In the event any Settlement Fees are not paid on their due date and Quicksilver’s failure to pay such Settlement Fees are not cured within 10 days after written notice of such failure is communicated by EDDO to Quicksilver, then all of the remaining payments are accelerated and are immediately due and payable. The first payment of $5.0 million was funded to an escrow account in September 2008 and was distributed during October 2008.

Alberta Energy Partners
 
Alberta Energy Partners (“Alberta”) took a number of actions adverse to Blast during the course of the Chapter 11 case. Alberta filed a motion to appoint a trustee. That motion was denied. Alberta filed a motion to deem rejected the Technology Purchase Agreement (the “Agreement”) between Alberta and Blast.

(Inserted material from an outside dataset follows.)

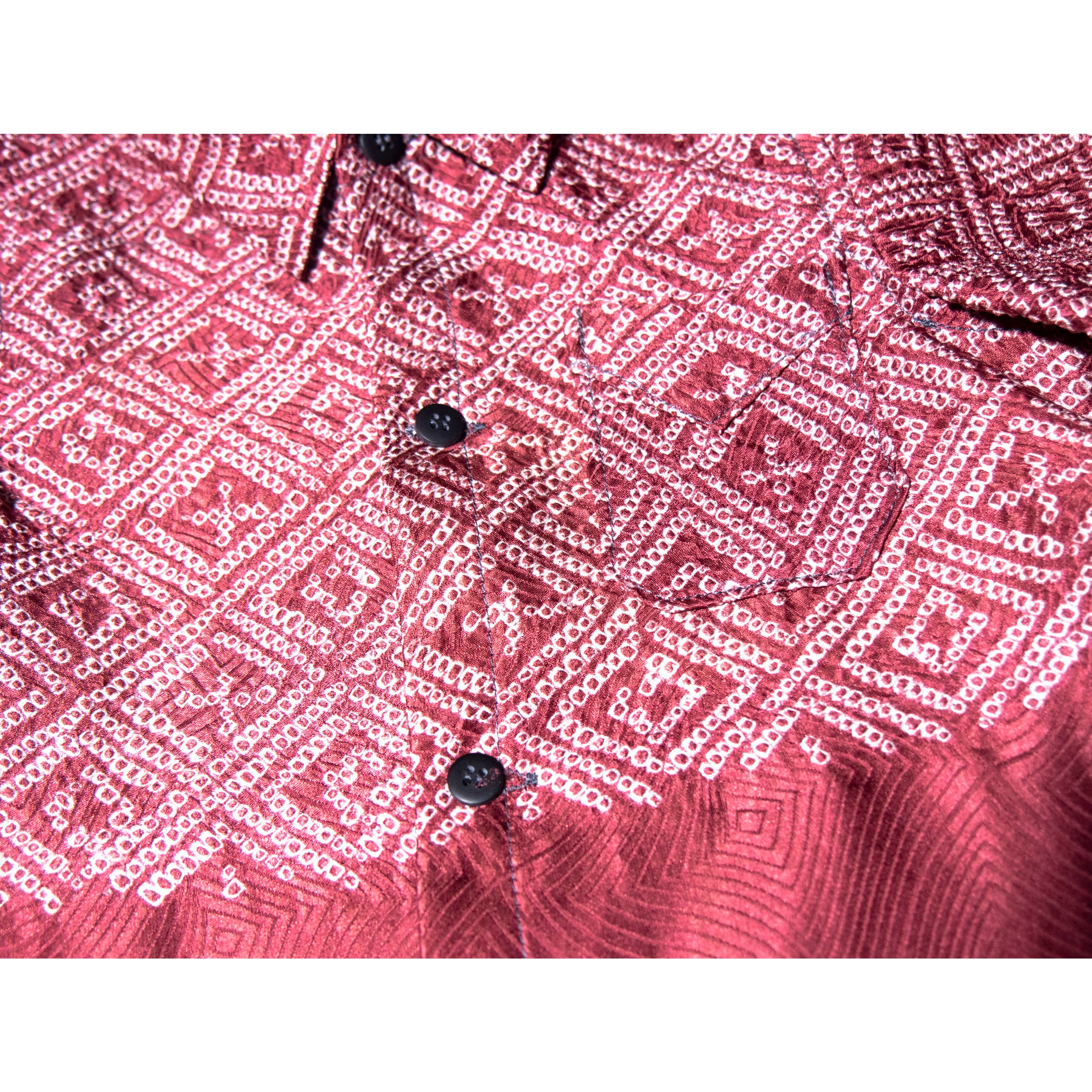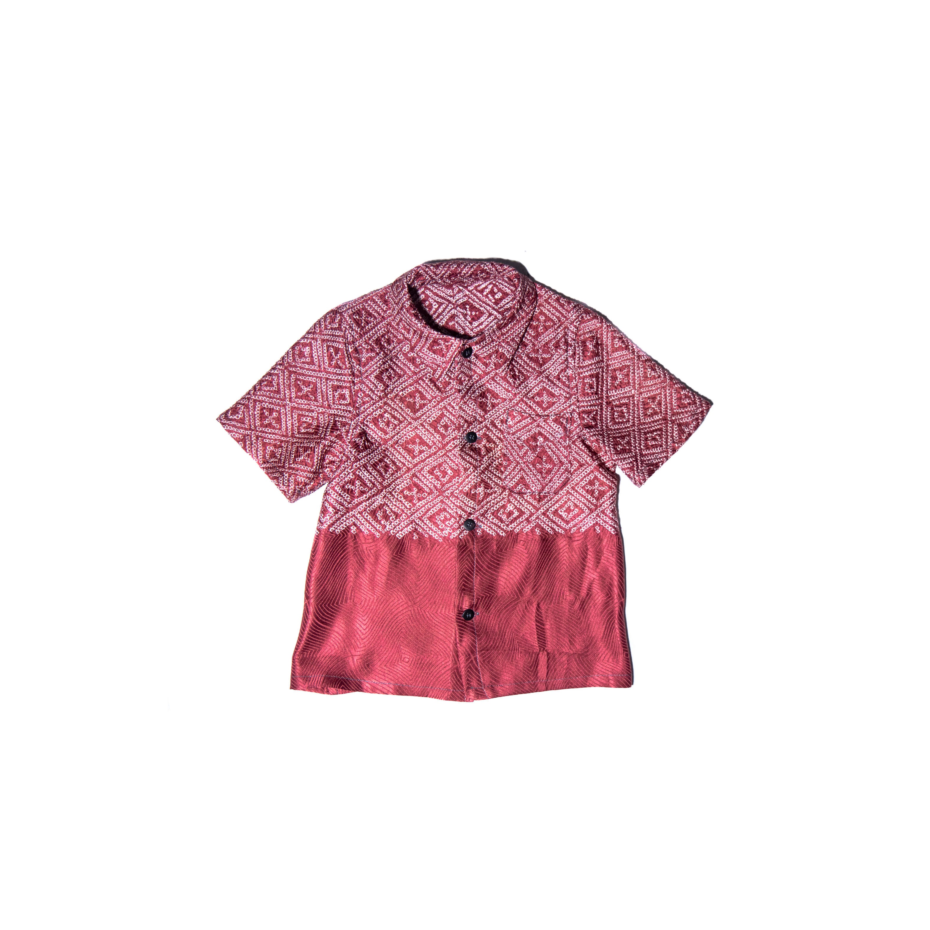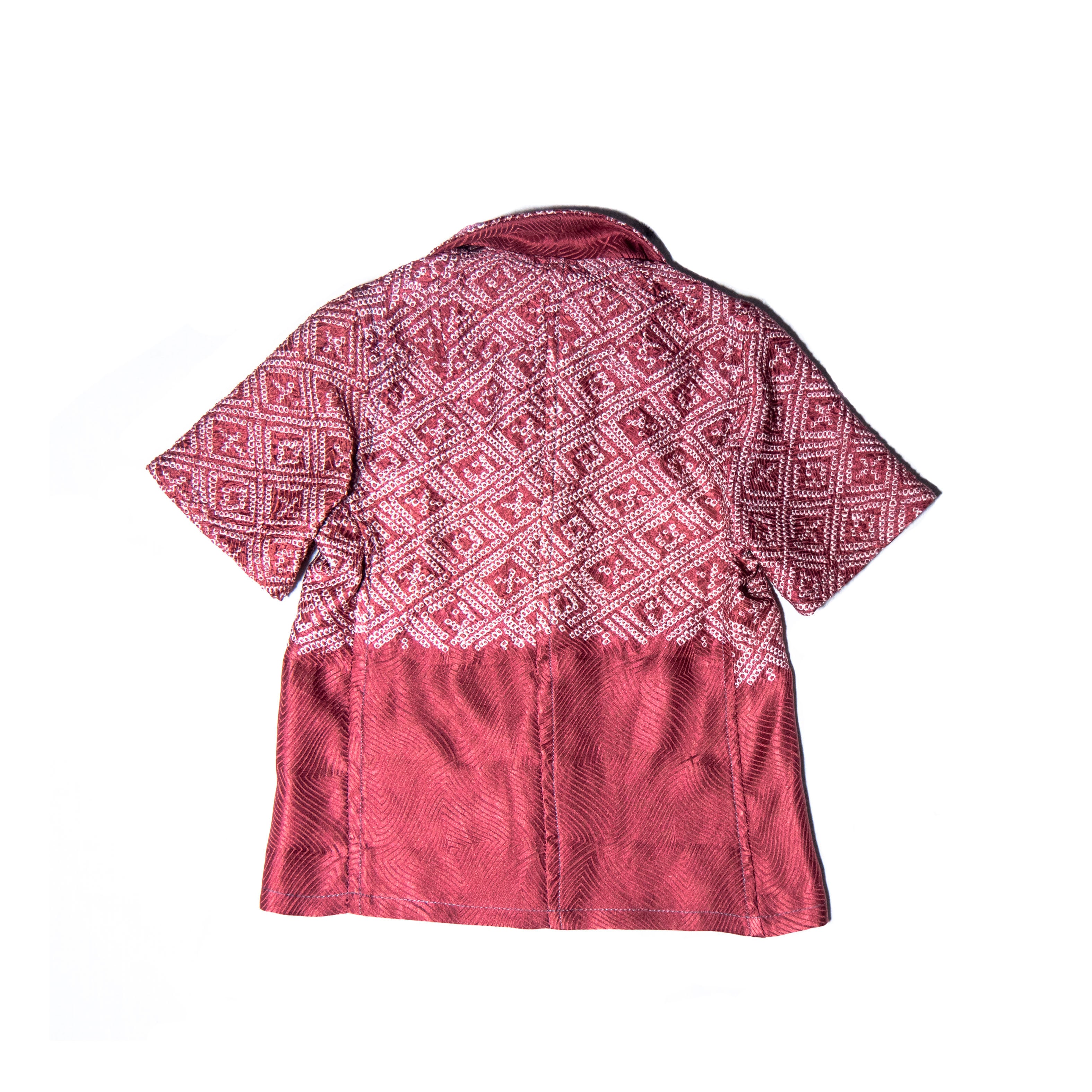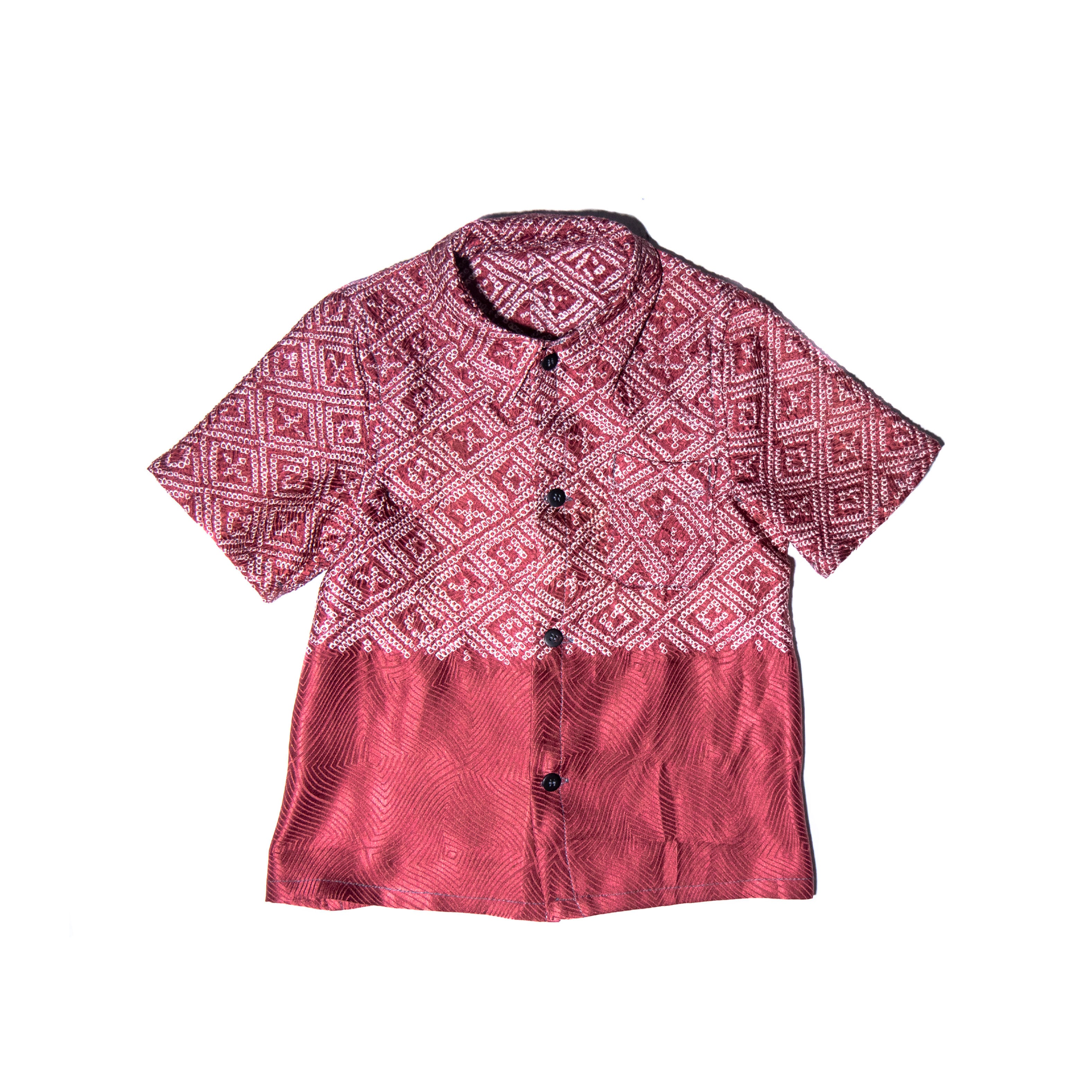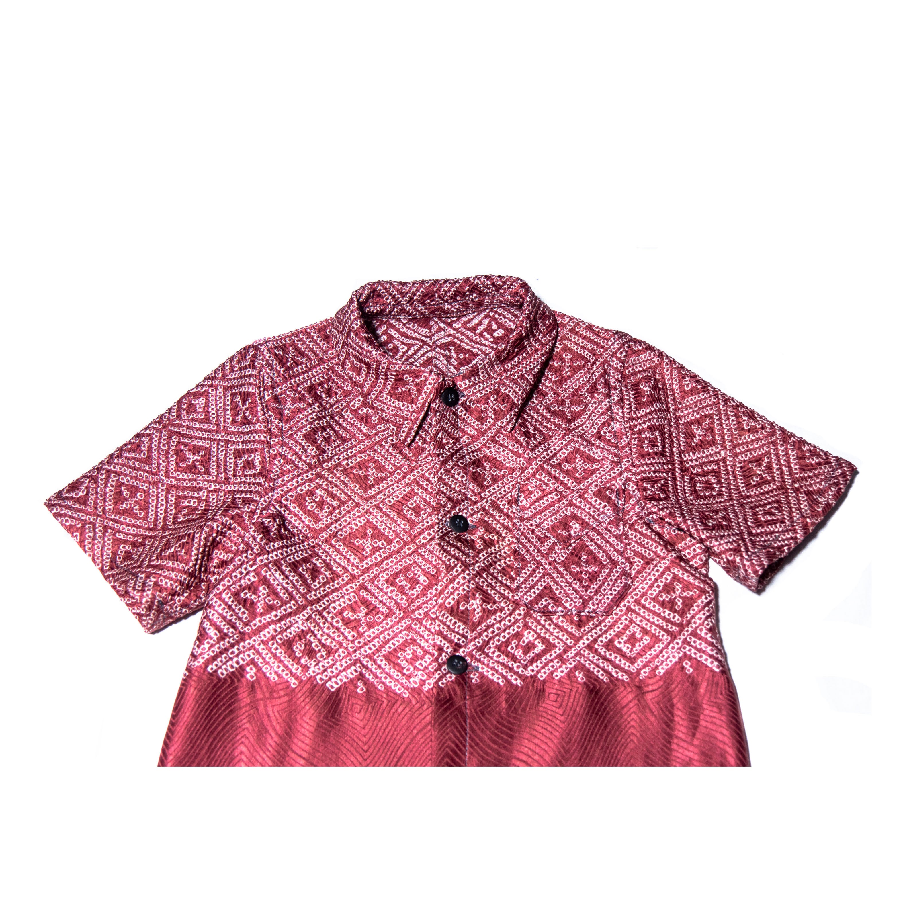 ボルドー色、シルク手絞りアンティーク着物リメイク、子供用半袖シャツ(約1才から4才)MZ original

That motion was denied. Alberta filed a motion to require Blast to reject the Agreement. That motion was denied, and Alberta appealed the bankruptcy court’s rulings to the United States District Court and the two appeals were consolidated (the “Consolidated Appeals”).
 
 
Alberta objected to the confirmation of Blast’s plan of reorganization. That objection was overruled by the bankruptcy court, and Alberta appealed (the “Confirmation Appeal”). The Confirmation Appeal was dismissed by the District Court as moot. Alberta filed a motion for reconsideration and rehearing of the district court’s order dismissing the Confirmation Appeal.
 
 
The district court denied the motion to reconsider the order dismissing the Confirmation Appeal, and the district court dismissed as moot the Consolidated Appeals. Alberta has filed a notice of appeal to the United States Court of Appeals for the Fifth Circuit of both of the orders related to the Confirmation Appeal and the Consolidated Appeals. The two appeals have been consolidated by the Fifth Circuit Court of Appeals, and they are presently pending.
 
 Blast objected to the proof of claim filed by Alberta seeking rescission of the Agreement. Blast’s objection to the proof of claim was sustained, and Alberta’s claim for rescission was disallowed by the bankruptcy court. Alberta appealed the ruling on its claim, but that appeal has subsequently been withdrawn by Alberta.

General
Other than the aforementioned legal matters, Blast is not aware of any other pending or threatened legal proceedings.  The foregoing is also true with respect to each officer, director and control shareholder as well as any entity owned by any officer, director and control shareholder, over the last five years.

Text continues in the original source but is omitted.